Nick Davies is one a one-man war against the journalism industry at the moment. His Guardian column today, not to mention serialisations in the Press Gazette and Private Eye have a few nasty home truths, although I’m not entirely sure the journalistic utopia Davies harks back to ever existed, or even how much is willful deception and how much is lack of time .
The real hook appears to be in the final couple of paragraphs from today’s column:
“…the Cardiff researchers found one other key statistic that helps to explain why this has happened. For each of the 20 years from 1985, they dug out figures for the editorial staffing levels of all the Fleet Street publications and compared them with the amount of space they were filling. They discovered that the average Fleet Street journalist now is filling three times as much space as he or she was in 1985. In other words, as a crude average, they have only one-third of the time that they used to have to do their jobs. Generally, they don’t find their own stories, or check their content, because they simply don’t have the time.”

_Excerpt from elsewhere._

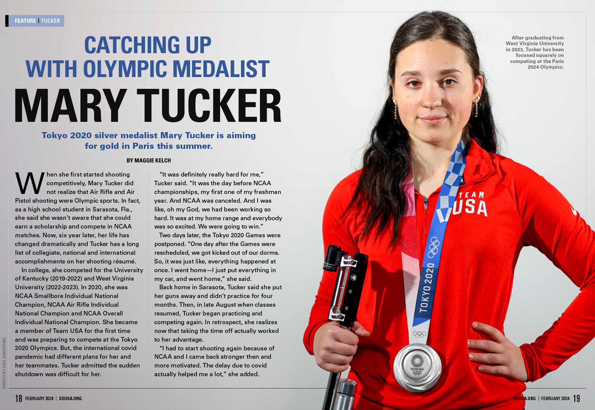 Our cover feature highlights Tokyo Olympic silver medalist Mary Tucker, who in January became one of the first USA Shooting athletes to secure a spot on the Paris 2024 Olympic shooting team. Author Maggie Kelch had the opportunity to chat with Tucker about her competition experiences since the Tokyo 2020 Olympic Games, including podium finishes at ISSF matches and the Pan Am Games, as well as her successful collegiate rifle career with the Kentucky Wildcats and West Virginia Mountaineers. Read Kelch’s interview with Tucker to learn more about this talented air rifle and smallbore shooter who is deep in preparation to earn Olympic medals once again in Paris this summer.

That partly tallies with my own experience and that of others I know within the industry. Somedays that well-written press release relevant to your patch is just too good to pass up. Other days, if you want to take time getting one story as good as it possibly can be, the rest of them tend to be a little bit more rushed. Journalists are, after all, only human.
I’ve also been involved in stories where I’ve had pretty intimate first-hand knowledge of both the subject and breaking news story. It’s in this case that often things fall down as the hunger for a fresh angle takes over. However, in defence of journalism, if you’ve got a complex breaking story, it’s never easy, especially if you’re going into an area cold.
In this respect, I’ve got a lot more time for Martin Bell’s argument against salaciousness, which has also appeared on CiF today. I was always taught, if the story’s strong enough, you don’t need to embellish it .
So yes, there is definitely an argument that journalism has suffered due to staffing cutbacks, time constraints, and a 24-hour news culture. But any journalist worth their salt, even on the busiest desk, should be able to pick up their own stories, once they get to know the patch well enough; they should be able to get most of the basic facts right. Most journalists I know have a fairly high bullshit detector.
There’s a nice quote from the Independent on Sunday’s editor John Mullin on the Press Gazette blog in response to Davies:
“It’s interesting thesis…No one would deny there is a modicum of truth in what he says. Life is harder in journalism than probably it was 20 years ago. But to say journalism as a whole is a passive processor of news is completely wrong.”
I’d broadly go along with that position. Davies is certainly not barking up the wrong tree. He definitely has a point, and if his comments encourage the profession to take a look at itself, that can only be a good thing. Whether or not journalists actively distort the news is another thing altogether. From my own experience, and I appreciate this is limited because it doesn’t include nationals, I’d say not. But then I would say that, wouldn’t I?
 And, unless I’ve read this wrong, he also doesn’t seem to count news agencies (such as pa and Reuters) as real journalists, which does them as massive disservice.
 As a quick aside here, this also shows the value of good and sensible PR. If the PR is done well, journalists shouldn’t have to be questioning the basics. If you’ve got an efficient, understanding, quick, helpful PR with a good nose for news, then it makes sense the journalist will return to them. Plus, keeping good contacts with the PR industry is useful for a journalist – you never know when you might need them. There’s still a perception that anything to do with public relations is a bad thing, and ‘the enemy’, when it really isn’t by any means.
 Although, again it’s a very idealistic vision here. As one early commenter on Bell’s piece points out, salaciousness and celebrity sells. But that doesn’t, and shouldn’t, necessarily mean news pitches itself into a race to the bottom. Often journalism acquits itself pretty well.